CBDT Circular No. 776, , Dated 08.06.1999

Subject : Taxability of ex gratia payment made by Central Government/State Government/Local Authority/Government Public Sector Undertaking to heirs of employee on his death, etc.

Circular No. 573, F. No. 200/115/90-ITA-I, dated 21.08.1990 provided that a lump sum ex gratia payment made, to the widow or other legal heirs of an employee, who dies while still in active service, will not be taxable as income under the Income-tax Act, 1961.

It is noted that there can be situations in which a person or his heir receives ex gratia payment from the Central Government/State Government/Local Authority/Public Sector Undertaking, consequent upon injury to the person/death of a family member, while on duty. Such an ex gratia payment will not be liable to income-tax under the Income-tax Act, 1961.

CBDT Circular No. 385 [F. No. 316/35/81-WT], Dated 03.07.1984

Subject :  Whether properties left in erstwhile east Pakistan after Indo-Pak Conflict of 1965 and relief granted in the form of Exgratia grant and as such asset includible in net wealth

The Board have considered taxation under the Wealth-tax Act of assessees in India in respect of their properties left in erstwhile East Pakistan after Indo-Pak conflict of 1965 and the relief granted to them in respect of such properties in the form of exgratia grant from the Consolidated Fund of India and have decided as under :

The value of the properties left behind in East Pakistan by persons who had migrated to India, and which vested in the Custodian of Enemy Property in Pakistan, cannot be assessed to wealth-tax in India in the hands of such persons.

The ad hoc interim relief granted by the Government of India in the form of exgratia grant from the Consolidated Fund of India cannot be assessed to wealth-tax as there is no legally enforceable claim to such relief.

Assessee had received Rs. 47.21 lakhs from his erstwhile company as ex gratia and a letter had been issued by employer which clearly stated that payment of amount had been made voluntarily to assessee and was not compensation, Assessing Officer without establishing letter as non-genuine could not have invoked provisions of section 17(3)(iii) for making addition

ITAT Pune held that payment made voluntarily by the employer out of appreciation for the employee falls outside the rigours of Section 17(3)(iii) of the Income Tax Act.

Assessee has taken voluntary retirement from Racold Thermo (P) Ltd.

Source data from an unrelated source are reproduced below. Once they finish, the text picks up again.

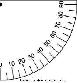 Record the dip direction and angle. For instance, SW (or 225º) at 65º.
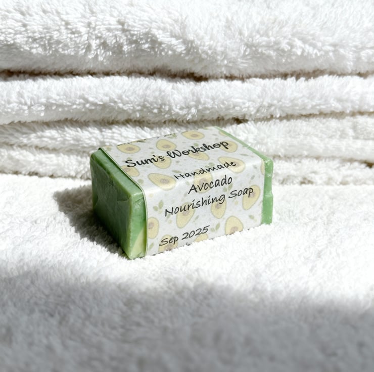 This Handmade Avocado Nourishing Soap is crafted with a balanced blend of plant oils selected for their cleansing performance and skin-friendly properties. The formula highlights cold-pressed avocado oil, valued for its hydrating and conditioning effects. In soap, avocado oil contributes to a creamy lather that gently lifts impurities while helping the skin retain moisture, making it suitable for sensitive or easily irritated skin.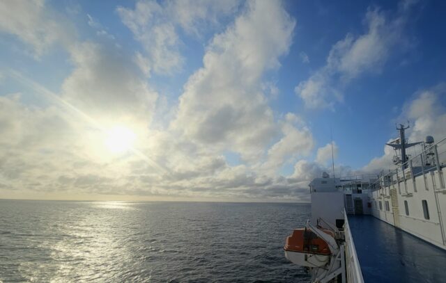 Zum Glück bewahrheitete sich die Wettervoraussage des Kapitäns nicht, wegen der wir die Töffs fest…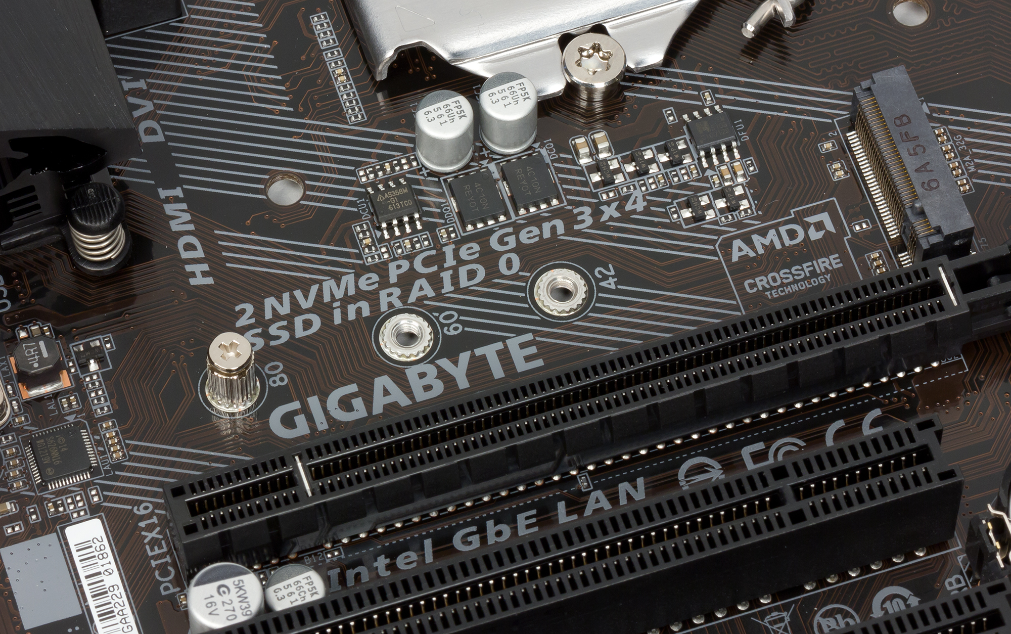 Для установки видеокарт, плат расширения и накопителей на материнской плате Gigabyte GA-Z270M-D3H имеется два слота с форм-фактором PCI Express x16, два слота PCI и разъем M.2.

Pune during the year under consideration. Thereafter the assessee has started trading business of Industrial consumable supply in the name of M/s. Laxmi Enterprises. Assessee received Rs. 47,21,154/- from the company as Ex-Gratia and from this amount claimed Rs. 5,00,000/- under section 10(10C) VRS compensation/Termination of service and balance remaining amount of Rs. 42,21,154 from Ex-Gratia taken as capital receipt. Assessing Officer taxed amount of Rs. 42,21,154 under section 17(3)(iii) by treating it as additional compensation received by assessee from his employer as profit in lieu of salary under section 17(3)(iii). However, a letter had been issued by employer which clearly stated that payment of amount had been made voluntarily to assessee and was not compensation. This letter had not been doubted by department. No independent inquiry regarding veracity of this letter had been conducted and none of authorities had held this letter issued by employer to assessee as bogus. Without establishing letter as non-genuine or without examining sanctity of payment made, simply invoking provisions of Act for making addition was not appropriate for a quasi-judicial authority. When employer itself stated that payment had been made voluntarily by them out of appreciation for employee, it fell outside rigours of section 17(3)(iii).  Therefore, Assessing Officer was to be directed to delete addition from hands of assessee. [In favour of assessee] (Related Assessment year : 2018-19) – [Mahadev Vasant Dhangekar v. ACIT, NFAC (2023) 149 taxmann.com 170 (ITAT Pune)]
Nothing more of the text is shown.